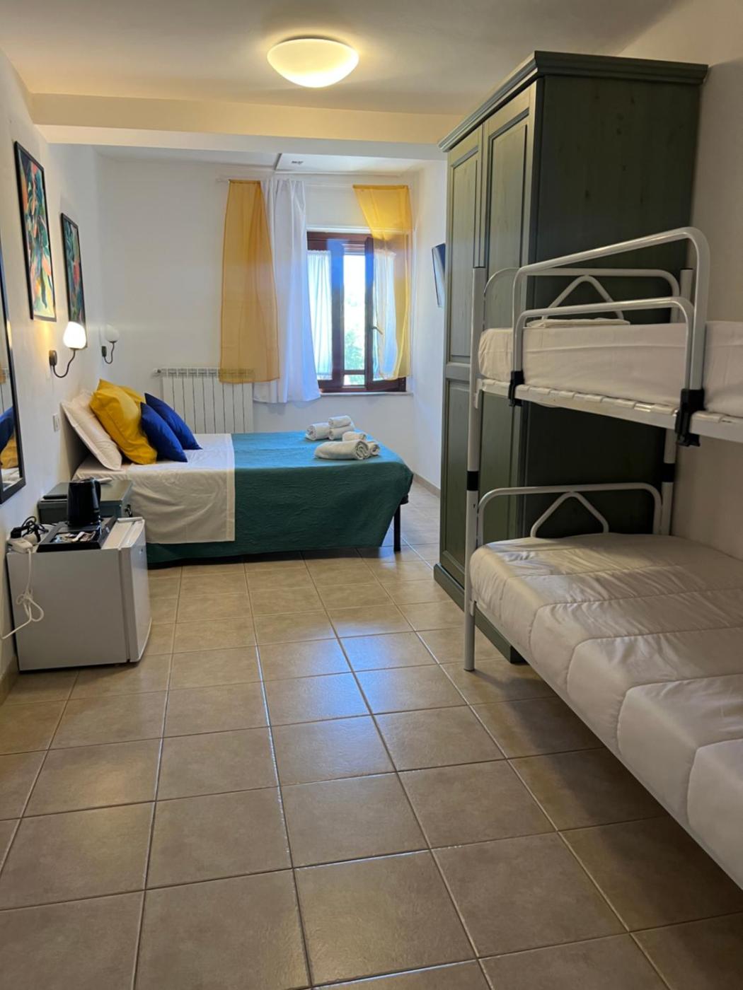 Camera Quadrupla con Vista Giardino. Guests will have a special experience as the quadruple room offers a pool with a view. Providing free toiletries and bathrobes, this quadruple room includes a private bathroom with a shower, a bidet and a hairdryer. The air-conditioned quadruple room provides a flat-screen TV with satellite channels, soundproof walls, a minibar, a tea and coffee maker as well as garden views. The unit offers 2 beds. ;
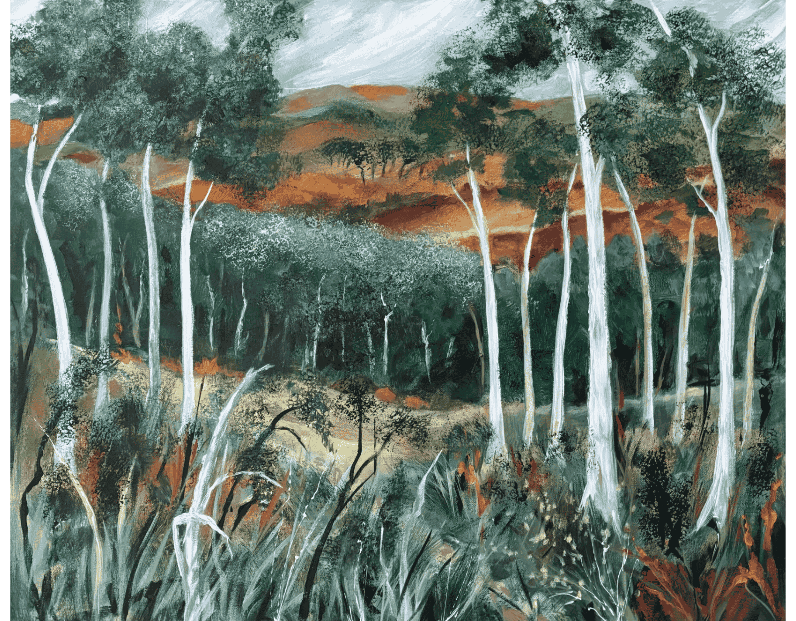 Abstract landscapes are the paintings I love to work with because of the amazing depth and breadth of our beautiful land. Storm Moving In arose from a collection of photos taken years ago in High Country Victoria. I’ve pulled together the stormy sky, undulating hills and ravines with aspects of the bushland to give an abstract expression of our country. There is a little texture but the overall finish is smooth.
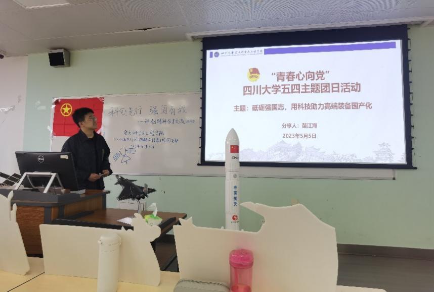 五四精神薪火相传,青春接力奋斗前行。5月5日上午,空天科学与工程学院江姐班举办“科创先行,强国有我”科创精神分享交流活动,邀请第十七届“挑战杯”全国大学生课外学术科技作品竞赛国赛特等奖团队成员苗江海作主题分享。学院党总支副书记兼副院长季袁冬、学生科科长兼团委书记马丽娜、教导员刘玲琍参加了本次活动,江姐班团支书蔡鑫宇主持活动。
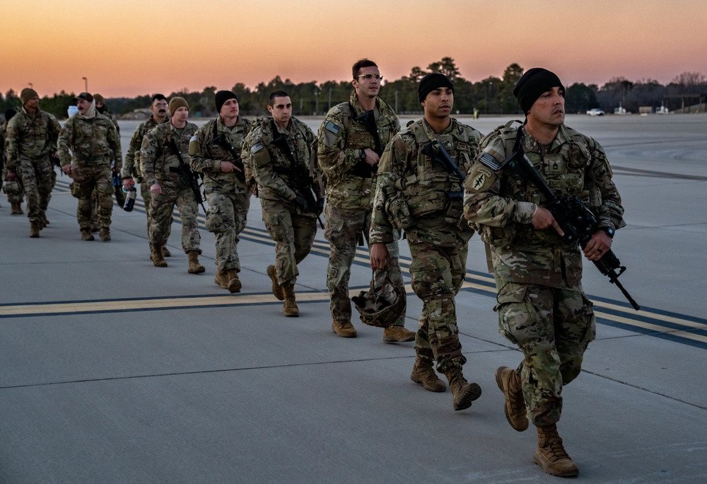 U.S. Army Paratroopers assigned to the 82nd Airborne Division walk to their aircraft at Pope Army Airfield, N.C. February 14, 2022. The 82nd Airborne Division is being deployed to reassure our NATO allies, deter any potential aggression against NATO’s eastern flank, train with host-nation forces, and contribute to a wide range of contingencies. (U.S. Army photo Sgt. Hunter Garcia).
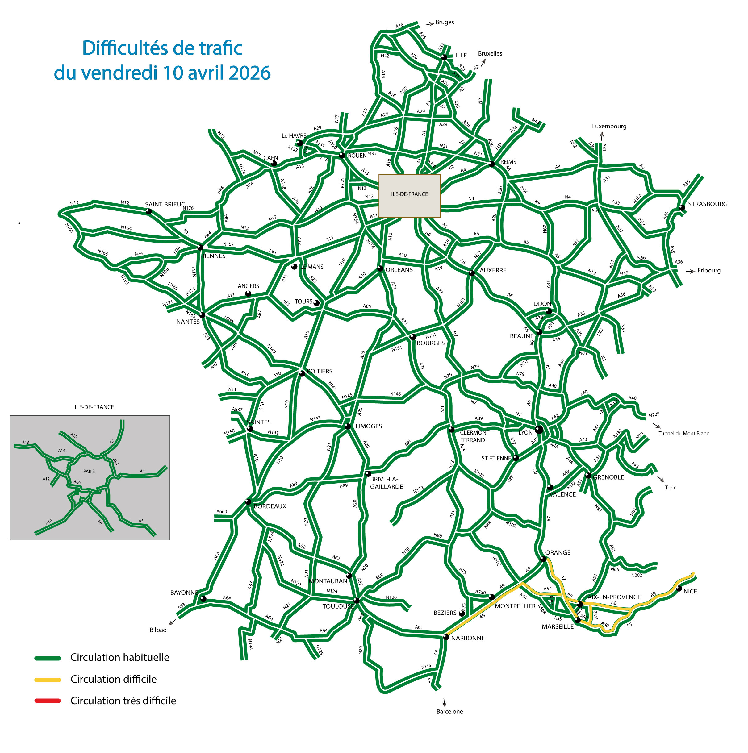 Vendredi 10 avril, dans le sens des retours, les principales congestions de la journée devraient se concentrer sur les axes desservant la façade méditerranéenne. Les autoroutes A7, A8, A9, A50, A52, A54 et A57 devraient être très sollicitées entre le milieu et la fin de l’après-midi.

### PROMPT
Locate "U.S. Army Paratroopers" in the listing above, then print exactly the lines from that line through the final one, omitting all pictures.

### OUTPUT BELOW
 U.S. Army Paratroopers assigned to the 82nd Airborne Division walk to their aircraft at Pope Army Airfield, N.C. February 14, 2022. The 82nd Airborne Division is being deployed to reassure our NATO allies, deter any potential aggression against NATO’s eastern flank, train with host-nation forces, and contribute to a wide range of contingencies. (U.S. Army photo Sgt. Hunter Garcia).
 Vendredi 10 avril, dans le sens des retours, les principales congestions de la journée devraient se concentrer sur les axes desservant la façade méditerranéenne. Les autoroutes A7, A8, A9, A50, A52, A54 et A57 devraient être très sollicitées entre le milieu et la fin de l’après-midi.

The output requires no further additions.